Despite a sluggish economy, it’s been a good year overall for the auto industry. But among the Detroit Three, there’s been a clear standout.
From marketing and advertising to car quality to sales, it has been a very good year for Chrysler — and that year began in January at the 2011 Detroit Auto Show. That’s when Chrysler’s French president, Olivier Francois, took the stage and reintroduced his struggling company to the world by quoting Detroit rapper Eminem’s Oscar award-winning song “Lose Yourself,” which had become a kind of anthem for Detroit.
Francois asked the crowd, “If you had one shot or one opportunity to seize everything you ever wanted in one moment, would you capture it or just let it slip, yo?”
That “yo” sounds kind of funny spoken in a French accent. Francois was brought in to run Chrysler by its new European owner, Fiat, in 2009. Fiat came to Chrysler’s rescue after the American company filed for bankruptcy and, despite some bumps along the way, the Italian car maker has helped Chrysler to focus on products and financial stability.
“What they’ve been able to achieve on not very much money and with not a tremendous amount of new product has been pretty phenomenal,” says Michelle Krebs, an analyst with the automotive consumer website Edmunds.com.
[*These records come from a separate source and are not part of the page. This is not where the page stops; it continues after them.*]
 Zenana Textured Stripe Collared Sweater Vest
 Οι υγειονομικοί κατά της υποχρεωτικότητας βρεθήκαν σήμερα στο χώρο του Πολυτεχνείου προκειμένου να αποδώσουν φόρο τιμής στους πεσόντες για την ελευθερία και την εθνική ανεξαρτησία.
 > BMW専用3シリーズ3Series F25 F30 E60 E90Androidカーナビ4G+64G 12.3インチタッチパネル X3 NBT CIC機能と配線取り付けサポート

Krebs has been covering the car business since before Chrysler’s first government bailout in the ’80s.
“They didn’t have a lot of the same advantage that General Motors did coming out of bankruptcy,” she says of Chrysler’s second bailout. “They didn’t have all their debt wiped off, they didn’t have product in the pipeline because they’d been pretty much starved of product under previous regimes.”
Without the advantages enjoyed by other companies, Chrysler had to rebrand itself for the American consumer. It did that with a 2011 Super Bowl commercial that showed Eminem driving around his hometown. It was called “Imported From Detroit” and it helped change attitudes about Chrysler — and a few about Detroit as well.
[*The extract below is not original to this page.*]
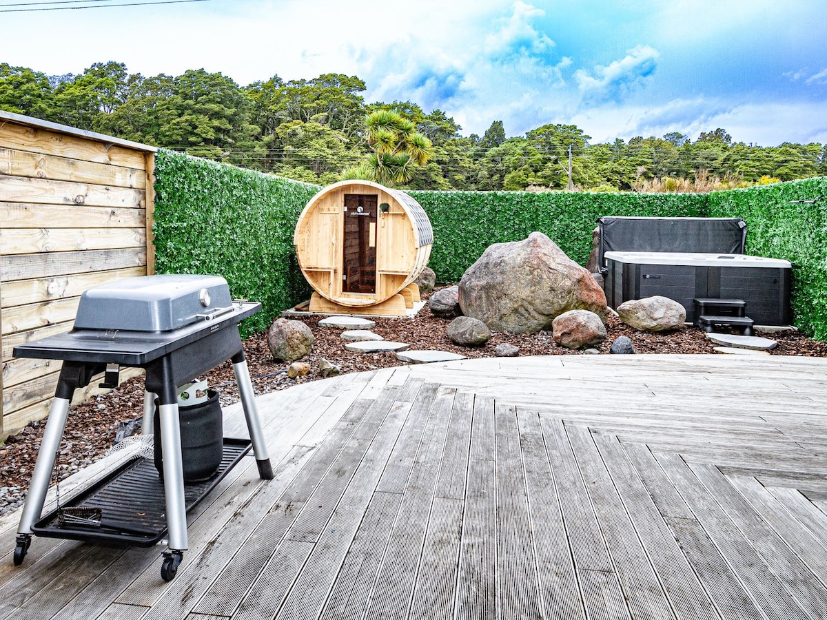 Escape to this beautiful 2-bedroom property; your private little paradise for relaxation and to get away from it all. Nestled in lush native bush, you'll wake to local kereru, tui, and fantails. Explore the surrounding grounds to find a private steam sauna, wander along the property’s stream to spot local tuna (eels) and glow worms or unwind in the serene Balinese hut. With expansive lawns and a peaceful atmosphere, rain or shine this is the perfect getaway for nature lovers seeking tranquillity

Sales followed, going up 25 percent this year to about twice the industry average.
David Champion of Consumer Reports says not only is Chrysler selling more cars — they’re also selling better cars.
“They’ve actually improved the Chrysler brand,” Champion says, adding that Chrysler Group brands like the Jeep Grand Cherokee, the Dodge Durango and the Chrysler 200 all did well in Consumer Reports’ reliability surveys.
After its bankruptcy, Chrysler repaid nearly $8 billion in bailout loans it got from the Canadian and U.S. governments. And then it began to turn a profit. This will likely be Chrysler’s first fully profitable year since 2005.
Analyst Michelle Krebs says with the European debt crisis, it’s now looking like Fiat and Chrysler will be reversing roles.
“Chrysler’s right now supporting Fiat,” she says, “because Fiat in Italy is floundering.”
Krebs says the danger Chrysler faces is the same danger all car companies are facing — a slowing economy. But she and most other car analysts say that when Chrysler got its one shot, they took it. And while company is far from wining the fight, it’s off the ropes for now.